Она поцеловала его и вышла. Драмжер придержал для нее дверь. Софи осталась сидеть: ясно было, что она собирается сказать отцу нечто, не предназначенное для чужих ушей. Присутствие Драмжера ее, впрочем, не испугало.
— Мне нужен новый бой на роль конюха. — Она встала, с напускным безразличием теребя ленточку на платье. — Если я не выезжаю на ежедневные верховые прогулки, то чувствую себя дома как в клетке. Можно с ума сойти, если весь день торчать в четырех стенах. А выйти боязно: здесь кишмя кишат ниггеры, поэтому при мне должен быть бой, которому бы я доверяла. Ты продал моего Валентина, так что теперь мне не на кого положиться.
— Ты уже кого-то приглядела? — Хаммонду не терпелось ее выпроводить. У них с дочерью не было почти ничего общего.
— Как насчет Занзибара? Паренек, кажется, неплохой, смирный.
— Занзибар? — Хаммонд не сразу вспомнил, о ком речь. — Такой здоровенный, плосконосый, чернее пикового туза — тот, с которым мы охотимся на уток?
— Он самый, — подтвердила Софи.
— Ну и выбор! Этакий детина! — Хаммонд был удивлен: обычно конюхами у Софи служили светлокожие, смазливые парни.
— Зато он сильный и сможет меня защитить. До чего я ненавижу ниггеров! Не выношу, когда они рядом, но никого другого все равно нет. Ниггеры, ниггеры, одни ниггеры! Всю жизнь я провела среди ниггеров! Как я их боюсь! Я знаю, что случилось с матерью, и не хочу, чтобы меня изнасиловали, как ее. Поэтому мне и нужен сильный охранник. Когда ты уедешь, эти черномазые в любую минуту могут начать буйствовать. Тебя они еще боятся, но на Августу или Брута им наплевать. Так что мне пригодился бы пистолет. — Она украдкой покосилась на отца, чтобы понять, произвела ли она на него желаемое впечатление.

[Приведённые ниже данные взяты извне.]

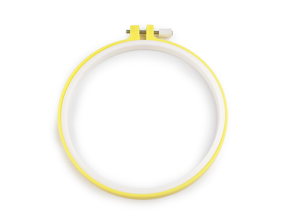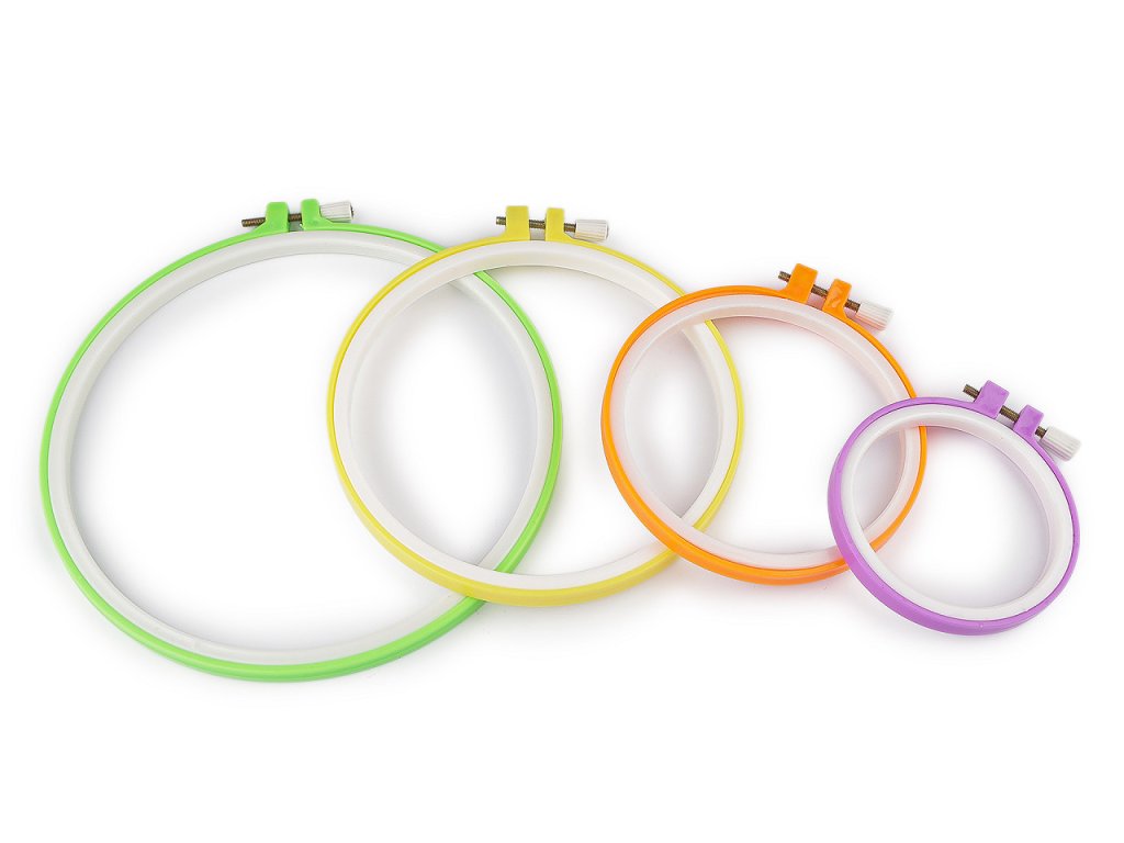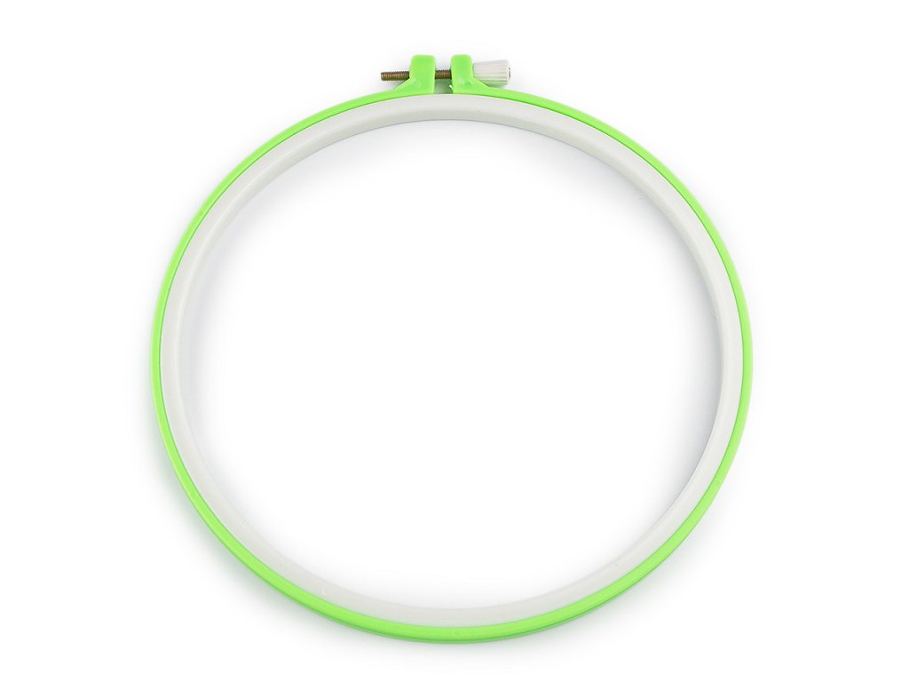 Vyšívací kruh je vyrobený z plastu. Je opatřen kovovým stahovacím šroubkem, pomocí něhož přichytnete vyšívací předlohu.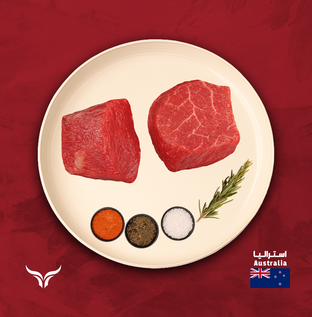 واغيو أسترالي MB 4/5 بترخيم غني وعصارة عالية. قطع مختارة (ريب آي/ستربلوين/تيندلويـن) بأحجام متعددة للشوي السريع أو التشويح ثم الإنهاء بالفرن. خيار تفريغ هواء.

— Ну, Лукрецию Борджиа они все-таки боятся, — возразил Хаммонд. — А что до Занзибара, то можешь взять его себе, если хочешь. Скажешь Бруту, что я разрешил. Пускай Брут велит ему хорошенько вымыться, прежде чем он явится в конюшню, потому что он черный, как уголь, и страшно вонючий. А что до пистолета, то сперва научись им пользоваться. Купи себе пистолет в Бенсоне и скажи Занзибару, чтобы он тебя научил. Он — меткий стрелок.
— Спасибо. — Софи ликовала, но не показывала виду. Если Занзибар оправдает ее ожидания, она постарается, чтобы его не продали на следующем аукционе. Подумаешь, ниггеры! Не родился еще такой черномазый, который вызвал бы у нее страх. Заморочить отцу голову болтовней о пистолетах не составило никакого труда. — Большое тебе спасибо, папа, — сказала она и покинула кабинет.

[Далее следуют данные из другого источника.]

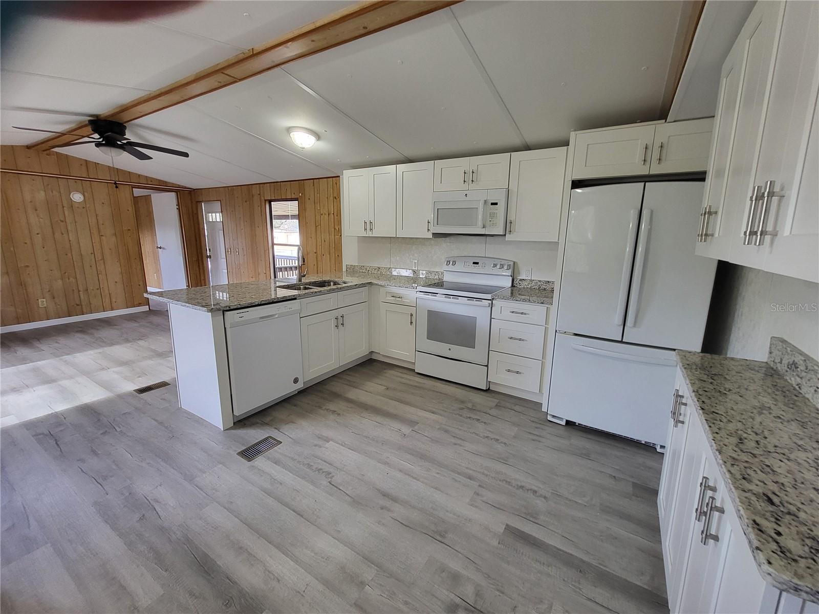 Proprietário motivado! NÃO HOA! Esta casa móvel completamente renovada apresenta um interior moderno e elegante, com uma combinação perfeita de conforto e funcionalidade. Ao entrar, você é saudado por um novo piso que flui por toda a área de estar aberta. A cozinha é um destaque, equipada com eletrodomésticos novos que contrastam lindamente com as elegantes bancadas de granito. Os armários personalizados proporcionam amplo armazenamento, enquanto as prateleiras abertas acrescentam um toque de charme contemporâneo, ideais para expor utensílios de cozinha ou decoração. Os dois quartos são espaçosos, cheios de luz natural e apresentam luminárias atualizadas. O quarto principal inclui um lavabo privativo e o banheiro completo dos hóspedes foi completamente refeito com azulejos novos e uma penteadeira elegante. No exterior, a casa dispõe de um acolhedor alpendre frontal com escadas e corrimãos recém-instalados, perfeitos para relaxar. Uma garagem conveniente oferece estacionamento coberto. Cada detalhe foi cuidadosamente atualizado, tornando esta casa móvel pronta para morar com todas as conveniências modernas e um interior elegante.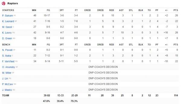 Το ματς ήταν κανονικό θρίλερ! Οι δύο ομάδες σαν μποξέρ αντάλλασσαν συνεχώς χτυπήματα, ωστόσο σε κανένα σημείο ένας από τους δύο αντιπάλους δεν κατάφερε να ξεφύγει με διψήφια διαφορά. Χαρακτηριστικό είναι μάλιστα πως το προβάδισμα άλλαξε χέρια 18 φορές κατά τη διάρκεια της αναμέτρησης. Την τελευταία και πιο κρίσιμη, οι Ράπτορς με +6 (108-102) λίγα λεπτά πριν τη λήξη. Αυτή τη φορά κατάφεραν να μην… λιποθυμήσουν όπως στο προηγούμενο ματς και πανηγύρισαν τελικά τη νίκη με 114-110.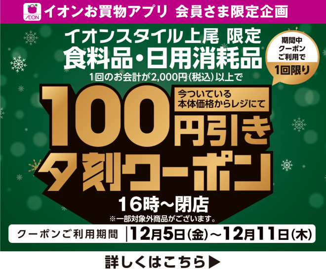 【イオンスタイル上尾限定】夕刻100円引きアプリクーポン配信!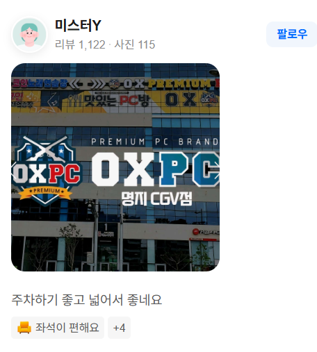 코인노래방과 PC를 함께 즐길 수 있는 OX PC 명지 CGV점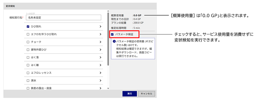 パラメータによる結果の違いをあらかじめ確認したいときなどに、サービス使用量を消費せずに変状検知を実行。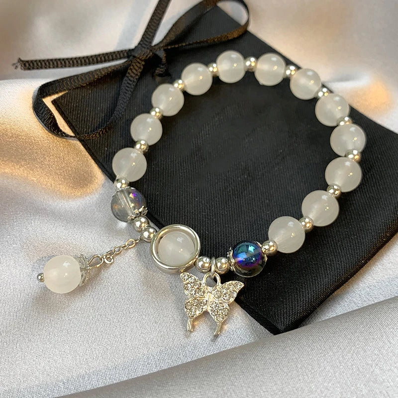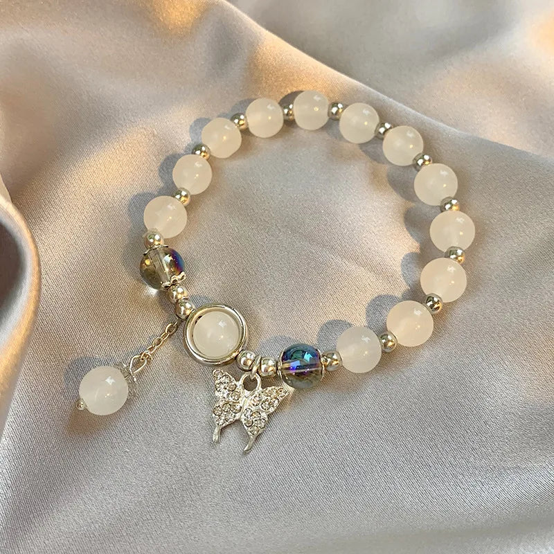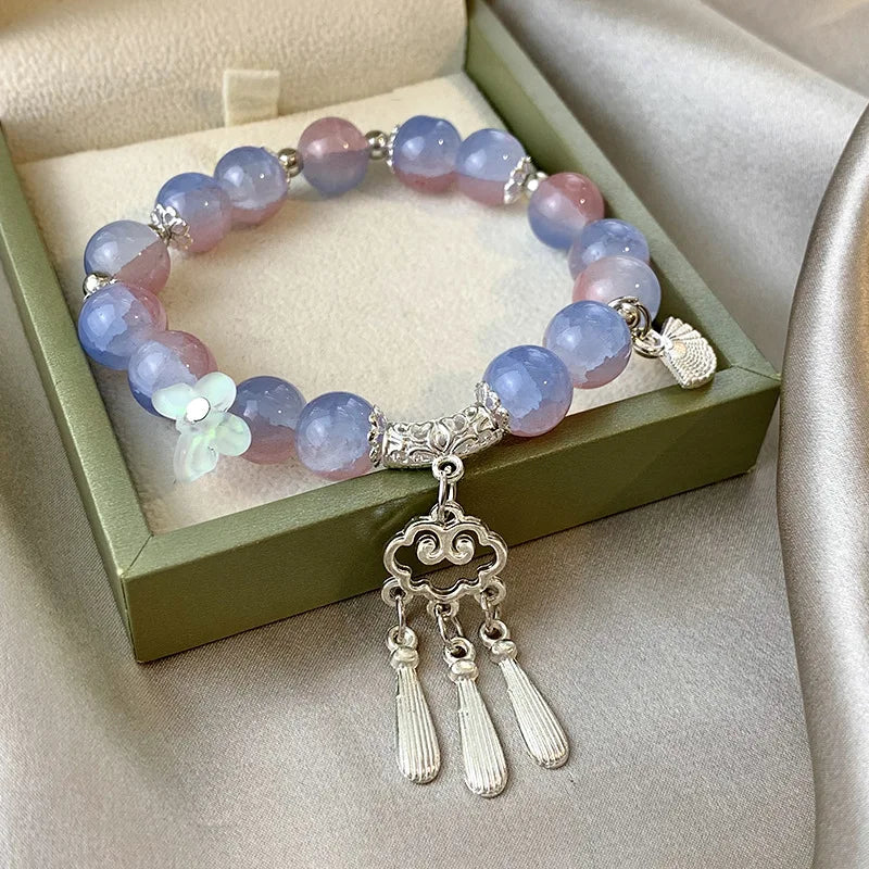 DAIIIBABYYY - Fashion Butterfly Pendant Beaded Charm Bracelet Women New Chinese Ancient Style Gradient Color Cloud Lock Bell Bracelet Jewelry

Хаммонд подозвал Драмжера.
— Так, парень, дел у нас много, а времени в обрез.
19
Высокие английские часы на главной лестнице фалконхерстской усадьбы напомнили хриплым боем о близком прощании. Истекали последние минуты перед отъездом Хаммонда. В то утро Лукреция Борджиа разбудила Драмжера стуком в дверь еще до рассвета. Он с трудом покинул теплый плен ласковых рук Кэнди и окунулся в промозглую темень. Растолкать Кэнди оказалось еще труднее. Ее совершенно не волновало, что наступил день отъезда хозяина. Глаза ее были затуманены сном, она еще плохо соображала и мучилась от позывов к рвоте. Драмжеру очень хотелось приголубить ее, заставить забыть о дурноте, но он слишком хорошо понимал значение прощального завтрака: ему предстояло в последний раз обслуживать обожаемого хозяина за столом в фалконхерстской столовой. Он нехотя оставил Кэнди одну и неуклюже спустился вниз.